EXERCISE> Given the entries below, would you transcribe exactly the lines starting at the one with "This paper develops" and ending at the one with "rød ring i 9", both kept, pictures omitted, nothing extra?

BEGIN THE INPUT

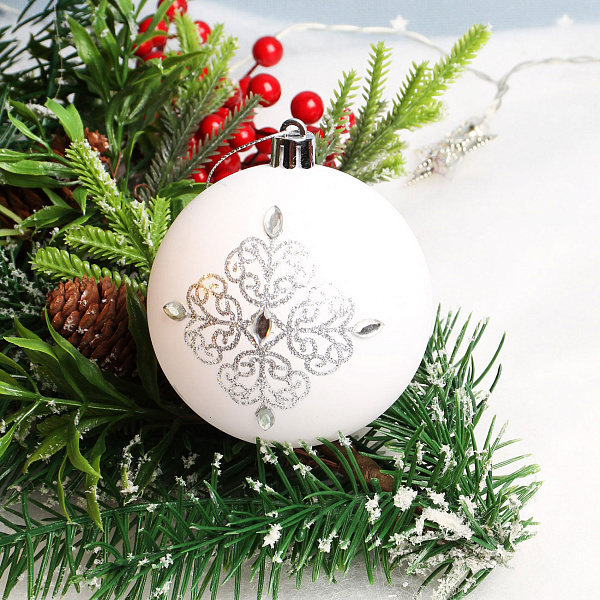 Елочный шар выполнен в классическом белом цвете. На поверхности изображен изысканный узор в форме звезды, дополняющий праздничный декор.
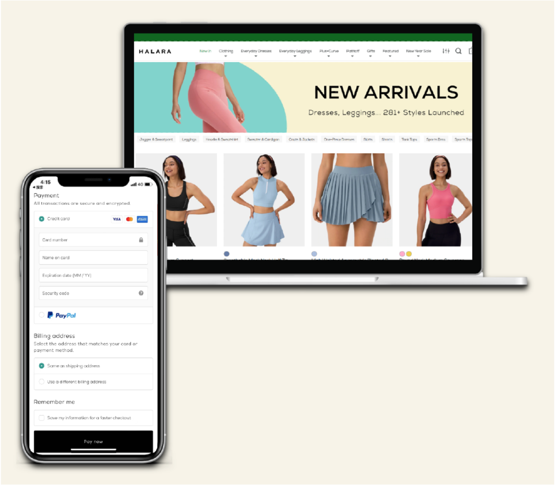服装品牌在做本地化布局时,往往采用多站点模式经营,并针对不同国家和地区,在网站中适配不同的语言、货币定价及视觉风格。在支付结账环节,出海商户也应充分了解目标市场的主流支付方式,在选择收单合作伙伴时,需要考察合作伙伴的支付能力是否覆盖广泛,以减少因支付方式覆盖不足而造成的消费者弃购,提高转化率。
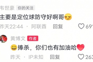 黃博文逗趣回復:捧殺,你們也要加油哈
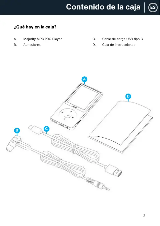 À. Majority MP3 PRO Player C. Câble de charge USB Type-C B. Ecouteurs D. Guide d'instructions
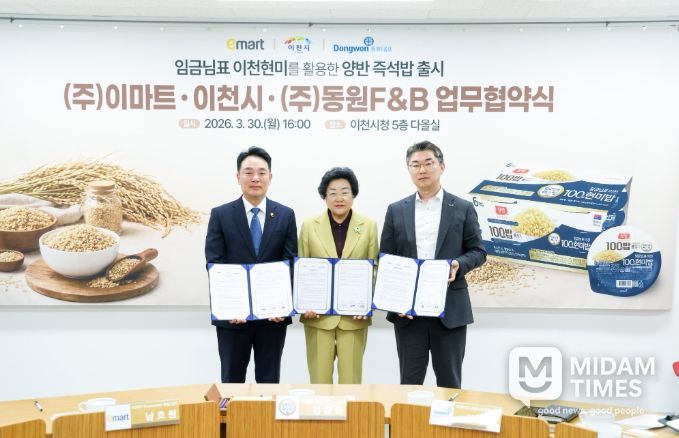 미담타임스 김준완 기자 | 이천시는 3월 30일 이천시청에서 ㈜동원F&B, ㈜이마트와 함께 ‘임금님표이천 현미 즉석밥’ 출시를 위한 업무협약(MOU)을 체결하고, 쌀 소비 촉진과 농업인 소득 안정화를 위한 협력체계를 구축했다고 밝혔다.
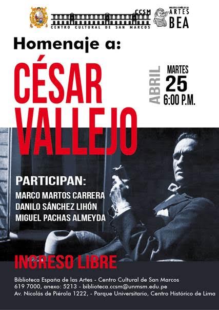 HOMENAJE A CÉSAR VALLEJO. MARTES 25 DE ABRIL, CENTRO CULTURAL SAN MARCOS. INGRESO LIBRE.
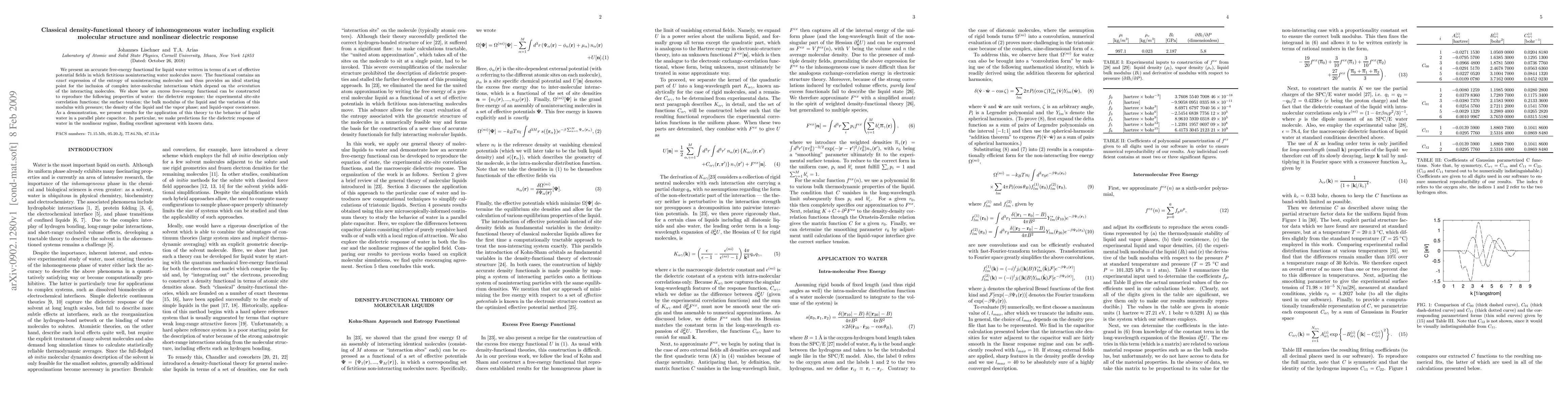 This paper develops a precise free-energy functional for inhomogeneous water, incorporating explicit molecular structure and nonlinear dielectric response. The functional accurately reproduces various properties of water and demonstrates its effectiveness in predicting the dielectric response in a parallel plate capacitor.
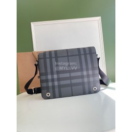 Burberry New Soft Plaid Leather Messenger Bag Gray
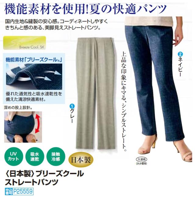 サマーパンツ ストレート レディース 日本製 ブリーズクールストレートパンツ 全2色 婦人服 ミセス シニア 女性 ネイビー グレー 紺色 灰色 無地 吸水速乾 通気性 機能性繊維 シンプル シニアファッション 40代 50代 60代 70代 80代 母の日 お母さん 春夏 fri p25559
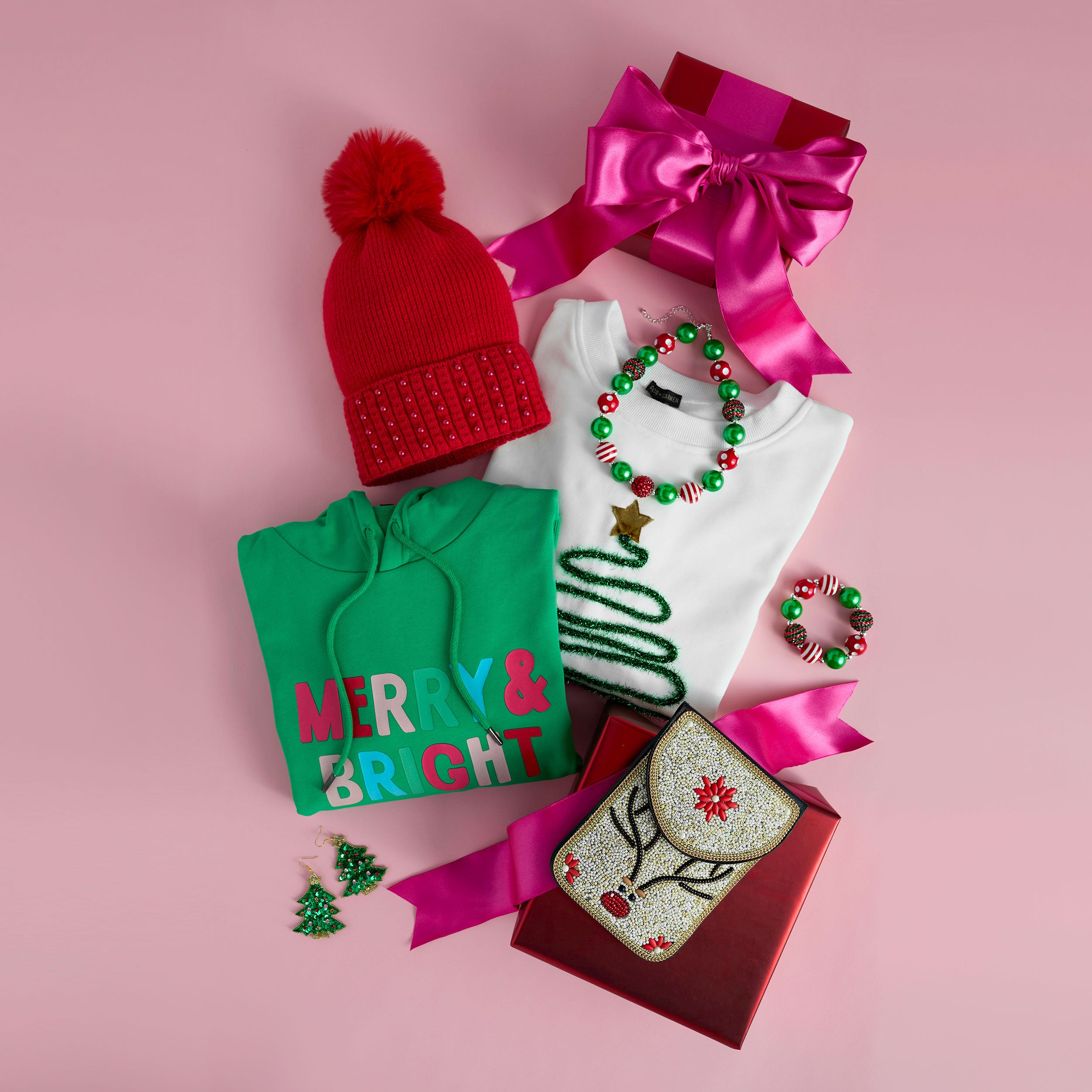 'Tis the season to be jolly in our Merry & Bright Hooded Sweatshirt! Embrace the holiday spirit with this fun and cheerful sweatshirt, guaranteed to bring a smile to everyone you meet. Perfect for decking the halls or simply snuggling up with a good book.
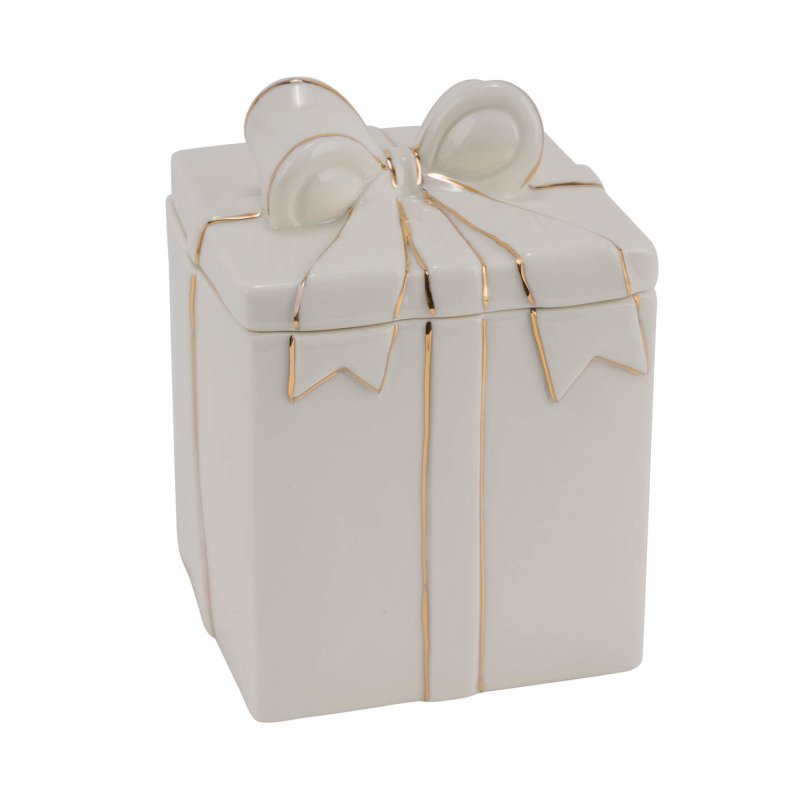 Gehlmann - Keramik-Geschenkbox - 10 cm - weiß/gold
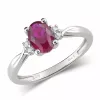 rød ring i 9 karat hvidguld med blank overflade og 1 facetslebne røde syntetiske rubiner og 4 facetslebne hvide zirkoner.
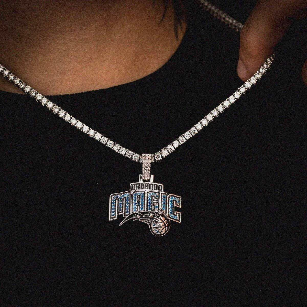 GLD has teamed up with the NBA to introduce the official NBA Team Pendants. This piece was meticulously crafted with clear and blue hand-set stones to accurately depict this logo. Flex this NBA season with the official pendant of the Orlando Magic.

END THE INPUT

EXERCISE ANSWER>
 This paper develops a precise free-energy functional for inhomogeneous water, incorporating explicit molecular structure and nonlinear dielectric response. The functional accurately reproduces various properties of water and demonstrates its effectiveness in predicting the dielectric response in a parallel plate capacitor.
 Burberry New Soft Plaid Leather Messenger Bag Gray
 サマーパンツ ストレート レディース 日本製 ブリーズクールストレートパンツ 全2色 婦人服 ミセス シニア 女性 ネイビー グレー 紺色 灰色 無地 吸水速乾 通気性 機能性繊維 シンプル シニアファッション 40代 50代 60代 70代 80代 母の日 お母さん 春夏 fri p25559
 'Tis the season to be jolly in our Merry & Bright Hooded Sweatshirt! Embrace the holiday spirit with this fun and cheerful sweatshirt, guaranteed to bring a smile to everyone you meet. Perfect for decking the halls or simply snuggling up with a good book.
 Gehlmann - Keramik-Geschenkbox - 10 cm - weiß/gold
 rød ring i 9 karat hvidguld med blank overflade og 1 facetslebne røde syntetiske rubiner og 4 facetslebne hvide zirkoner.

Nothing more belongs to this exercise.